ARTnews spoke to Akinsha to discuss how he expects this exciting yet tragic period in Ukrainian history to resonate in London, and how he managed to haul the artworks out of a war zone.
This interview has been edited lightly for concision and clarity.
ARTnews: How was the idea for “In the Eye of the Storm” born?
Konstantin Akinsha: I wanted to organize this exhibition long before the war. Ukraine was viewed as a lost land—Europeans weren’t really interested in my country. This doesn’t mean, however, that exhibitions of Ukrainian art weren’t held before—there was some international interest in the 1990s when Ukraine announced its independence. There was one good exhibition in Zagreb in Croatia from 1990 to 1991, titled “Ukrainian Avant-Garde.” To be honest, though, this was the only decent exhibition.
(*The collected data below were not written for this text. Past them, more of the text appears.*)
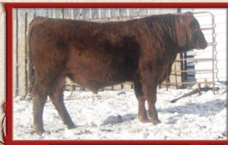
JACOBSON DIRECTION 2070 (#1550986) JACOBSON RED DIRECT 0040 x GLACIER TERRAIN 999
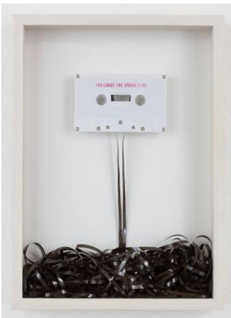
Duto Hardono Untitled (You Chose the Wrong Side) 2011 framed hand stamped cassette tape 36.0 x 21.2 cm (reference image)
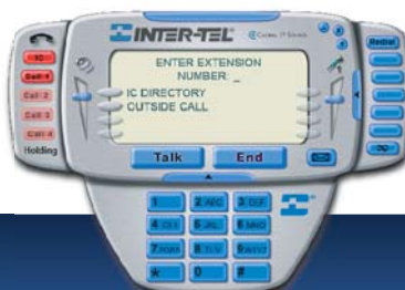
S8602 IP SoftPhone
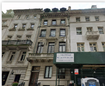
17 EAST 70TH ST
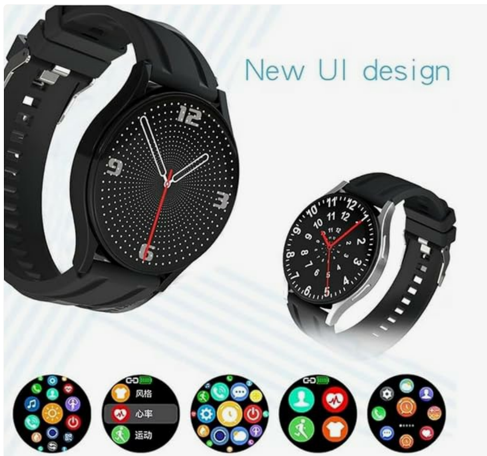
Image: The GT1 Smart Watch displaying its new user interface design, featuring multiple app icons for functions like heart rate monitoring, activity tracking, and various customizable watch faces.
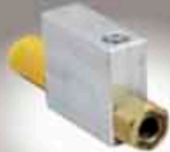
• HV-01 Vacuum Ejector 1/8"PT
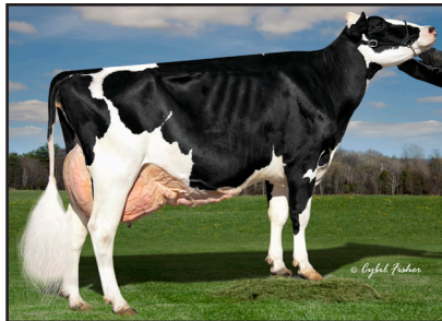
R-R-Letters Atwood Hilda "2E-90" (Dam of Lot 27)
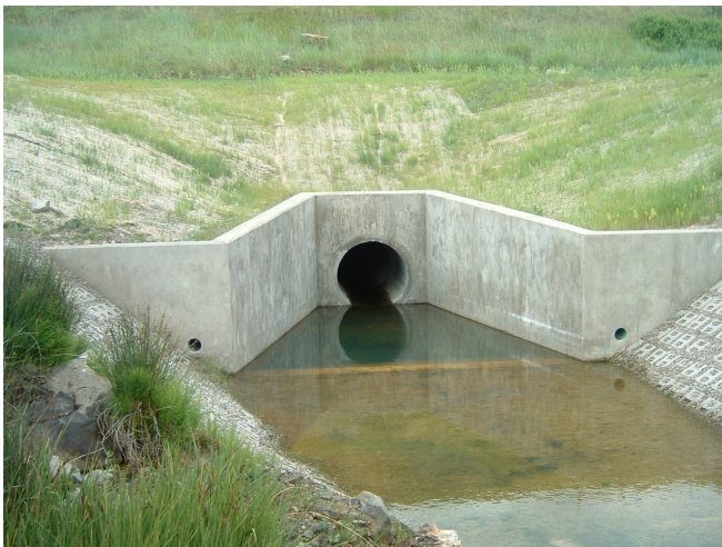
Outlet Terminal Structure at North Dam
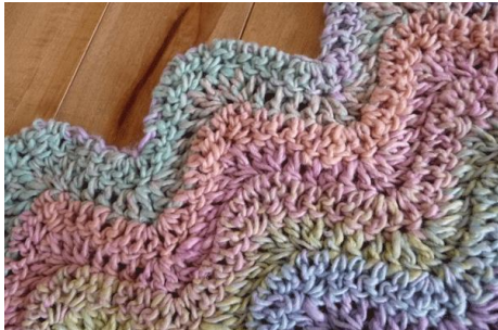
Day Dream Nursery Afghan pg #6
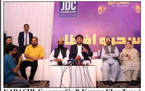
KARACHI: Governor Sindh Kamran Khan Tessori addressing the media persons during his visit to JDC Sehri Dastar Khawan.

He said that Sehat Card has been revived despite arrears of Rs. 18 billion on the system. He said that government would resolve the challenges to continue Sehat Card facility for betterment of people.
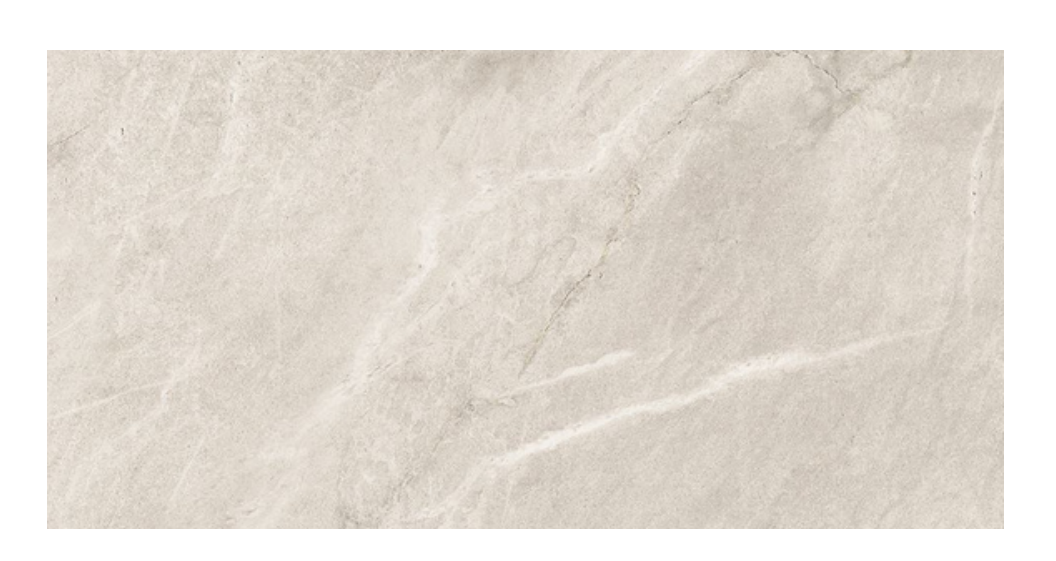
600x1200mm RECTIFIED 1401
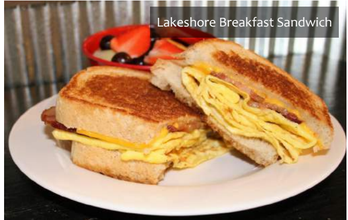
Lakeshore Breakfast Sandwich

Breakfast Bites 4.99 all homemade and fresh baked pigs-in-the-blanket, muffins or mini cinnamon rolls, fresh cut fruit.
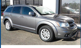
2013 DODGE JOURNEY SXT
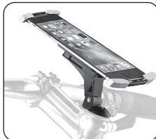
Phone case mounted on stem (Q5 StemClamp)
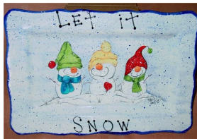
Let it Snow With David Hoff

Students will complete a wonderful 6" round ruffled glass plate with EZ-Namels. They will learn how to blend colors for the leaves and do actual stroke work on glass for the first time to create a wonderfully bright and cheerful Spider Mum Plate. All color is included and the student will take the piece and the slumping mold home with them. Bring your favorite brushes and a take home box.
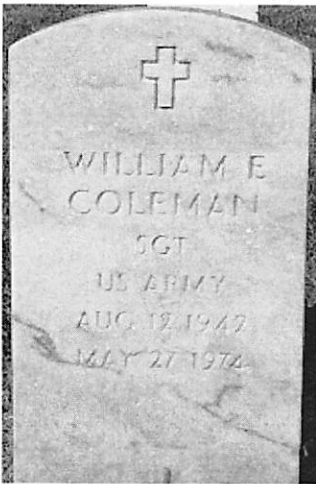
UPRIGHT HEADSTONE WHITE MARBLE (U) OR LIGHT GRAY GRANITE (V)

This headstone is 42 inches long, 13 inches wide and 4 inches thick. Weight is approximately 230 pounds. Variations may occur in stone color, and the marble may contain light to moderate veining.
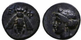
169 IONIA. Ephesus. AE, ca. 305-288 B.C. Reference: Condition: Very Fine Weight: 1.3 gr Diameter: 11 mm 1
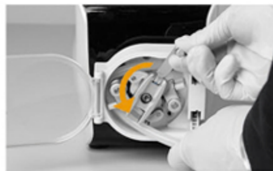
2. Put the tube between the two guide posts. Hold the spanner, rotate the wheel body.
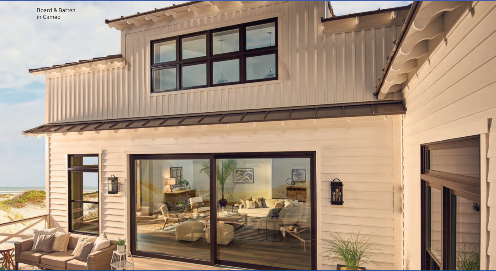
Board & Batten in Cameo

Vinyl siding is the number one cladding choice in America. In fact, more than twice as many homeowners side with vinyl over stucco, fiber cement, or wood † .
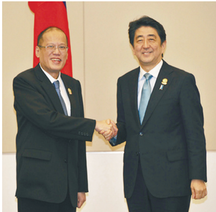
Philippine President Benigno S. Aquino III and Prime Minister Shinzo Abe meet on Nov. 12, on the sidelines of ASEAN-related Summit Meetings in Myanmar.
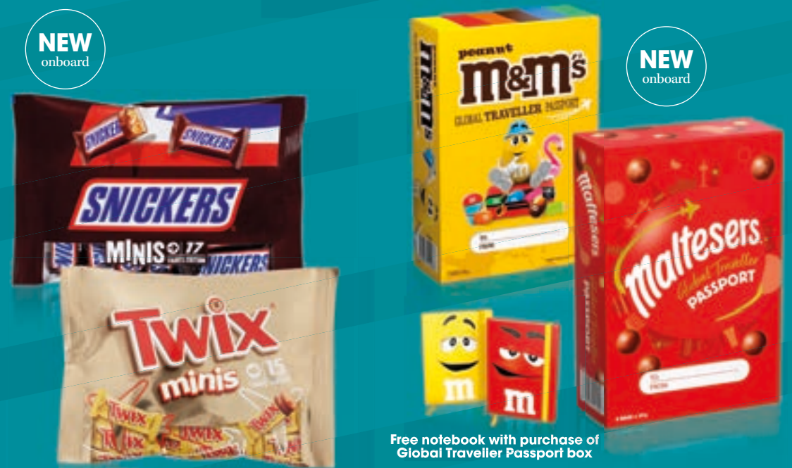
Selected Confectionery Minis 333g
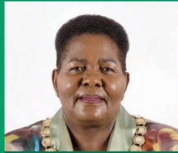
Executive Mayor Cllr Maleke Mokganyetji
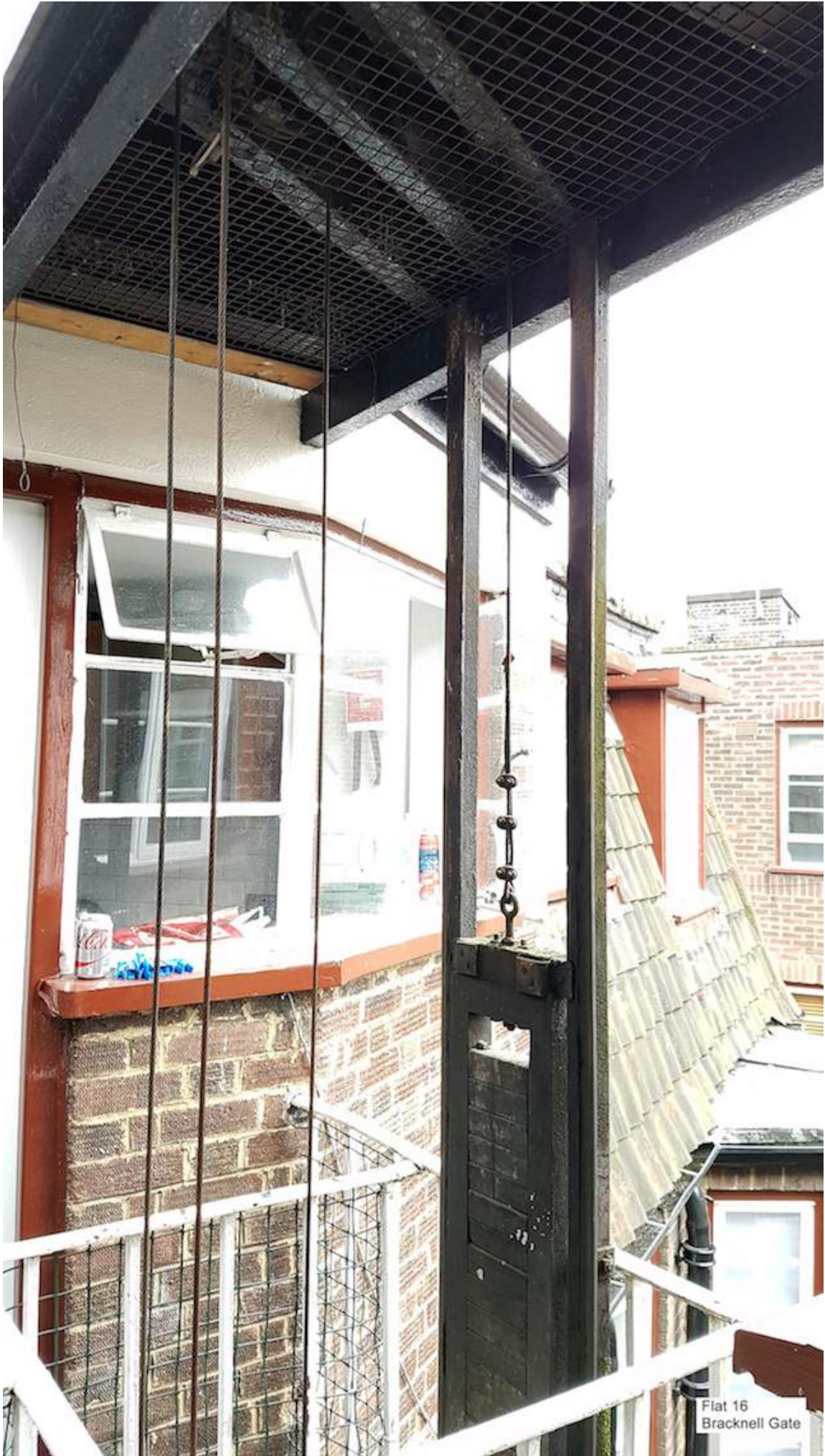
Flat 16 Bracknell Gate
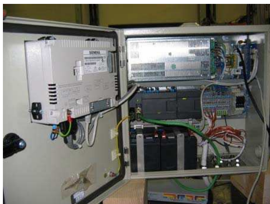
Picture 1. Inside the control unit of a monitoring station.

Here after some pictures of the RAMSES at work:
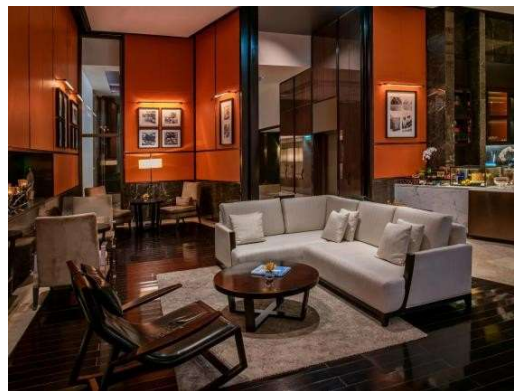
Figure 26. Library Café
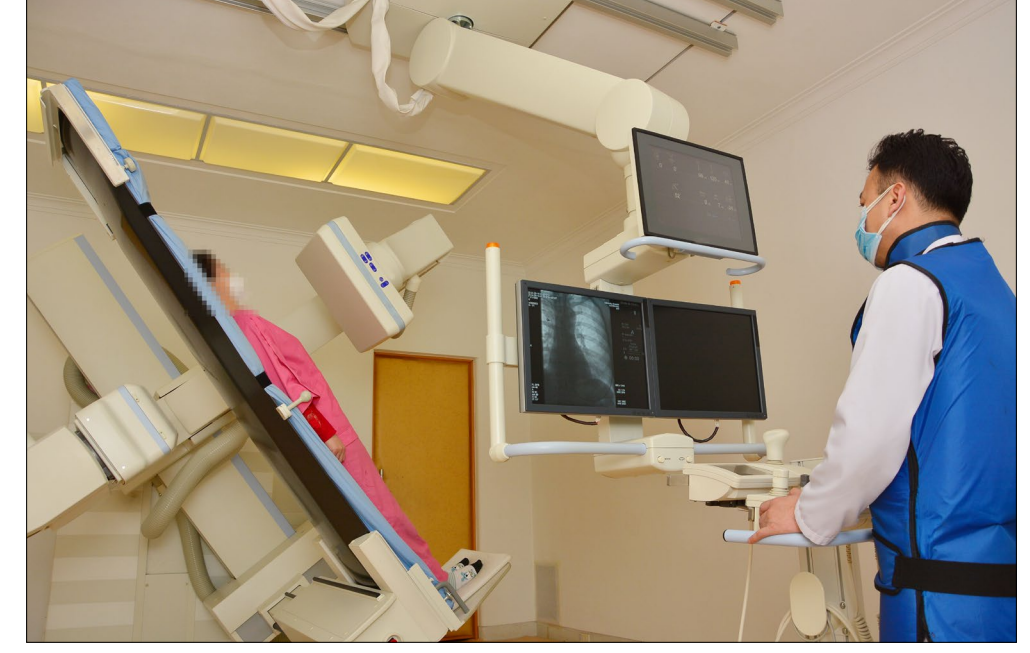
A doctor x-rays the breast of a woman at the Breast Tumour Institute of the Pyongyang aternity Hospital.
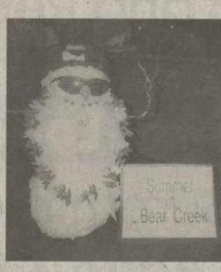
Pinatas created by St. Mary's Language Club. The club has 50 members and learns a new language each month. The students also visit ethnic groups, invite speakers and enjoy lunch at ethnic restaurants.
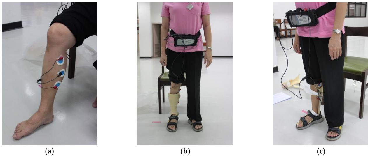
Figure 4. (a) dEMG from the medial gastrocnemius; (b) dEMG from the medial gastrocnemius while wearing an AAFO; and (c) dEMG from the medial gastrocnemius while wearing a PAFO. Abbreviations: AAFO, anterior ankle foot orthosis; PAFO, posterior ankle foot orthosis; dEMG, dynamic electromyography.
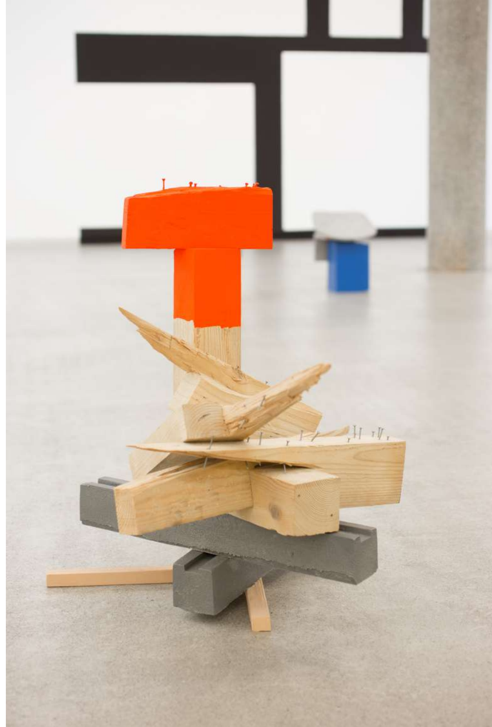
Dardara , 2019. Cast and welded aluminium elements, wood, nails and paint. 60 x 60 x 64 cm.
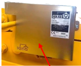
Shield for locking system
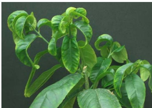
Fig 2. Severe epinasty induced by pure Citrus exocortis viroid.
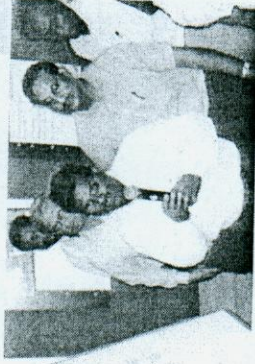
Training session in progress
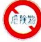
ROAD CLOSED FOR VEHICLES CARRYING EXPLOSIVES
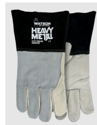
Welder's Gloves - Watson Gloves Heavy Metal Welding Leather Work Gloves

I really wanted to organize a serious exhibition of Ukrainian modernism, and I nearly did it in 2018. It was agreed that my exhibition would be shown at the Museum Ludwig Budapest, which offered two floors—one to exhibit contemporary Ukrainian art (which I also curated), the other to show Ukrainian modernism. However, at the last minute, Budapest clashed with Kyiv because Ukraine adopted a new education law that the Hungarians interpreted as oppressive to the Hungarian minority in Ukraine. This was used as a battle cry because Hungarian elections were going on at the time and the Hungarians froze all financial projects with Ukraine, so we couldn’t get insurance for our exhibition. It was cancelled. The contemporary show did happen, though, and we were awarded an American prize [the YOU-2 GFAA Award] for the best show of the year. The modernist paintings never crossed the border.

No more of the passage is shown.